▶ **Source material**:
_____

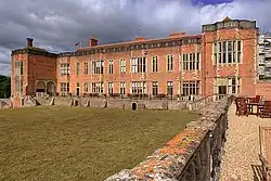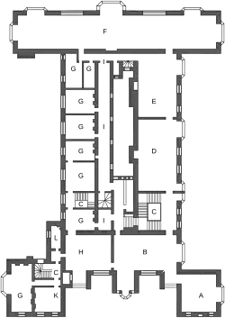 The building stands on the edge of a plateau, overlooking the park to the south.[44] The plan of the house is unusual, partly because of its incorporation of the earlier building; it extends at right angles to the primary (southern) façade.[42] The elevations are symmetrical, facing outwards, but the interior court is narrow, and projecting wings lie at either end of the eastern and western sides.[28]
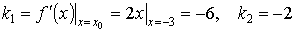 и тангенс угла пересечения в точке х = - 3 найдём соотношением
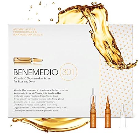 Benemedio 301, Proteoglycan Vitamin C Serum for Face and Neck Wrinkles, Fine Lines, Sun or Dark Spots and Scars Fading | Swiss Formula | 10 vials of 0.068 fl oz each
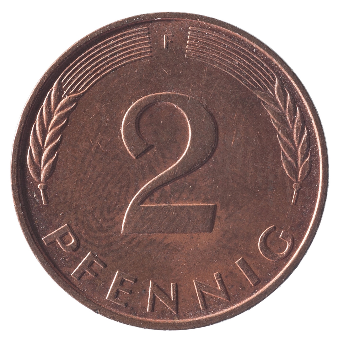 Avers: U sredini mladica hrasta s pet listova u vodoravnoj liniji. Uz rub ispisan tekst BUNDESREPUBLIK DEUTSCHLAND i godina 1990. Revers: U sredini broj 2. Na vrhu slovo F (oznaka kovnice), a uz donji rub riječ PFENNIG.

_____

▶ **Exercise instructions**: Return the data exactly. Pictures stay out.

▶ **Task answer**:
 The building stands on the edge of a plateau, overlooking the park to the south.[44] The plan of the house is unusual, partly because of its incorporation of the earlier building; it extends at right angles to the primary (southern) façade.[42] The elevations are symmetrical, facing outwards, but the interior court is narrow, and projecting wings lie at either end of the eastern and western sides.[28]
 и тангенс угла пересечения в точке х = - 3 найдём соотношением
 Benemedio 301, Proteoglycan Vitamin C Serum for Face and Neck Wrinkles, Fine Lines, Sun or Dark Spots and Scars Fading | Swiss Formula | 10 vials of 0.068 fl oz each
 Avers: U sredini mladica hrasta s pet listova u vodoravnoj liniji. Uz rub ispisan tekst BUNDESREPUBLIK DEUTSCHLAND i godina 1990. Revers: U sredini broj 2. Na vrhu slovo F (oznaka kovnice), a uz donji rub riječ PFENNIG.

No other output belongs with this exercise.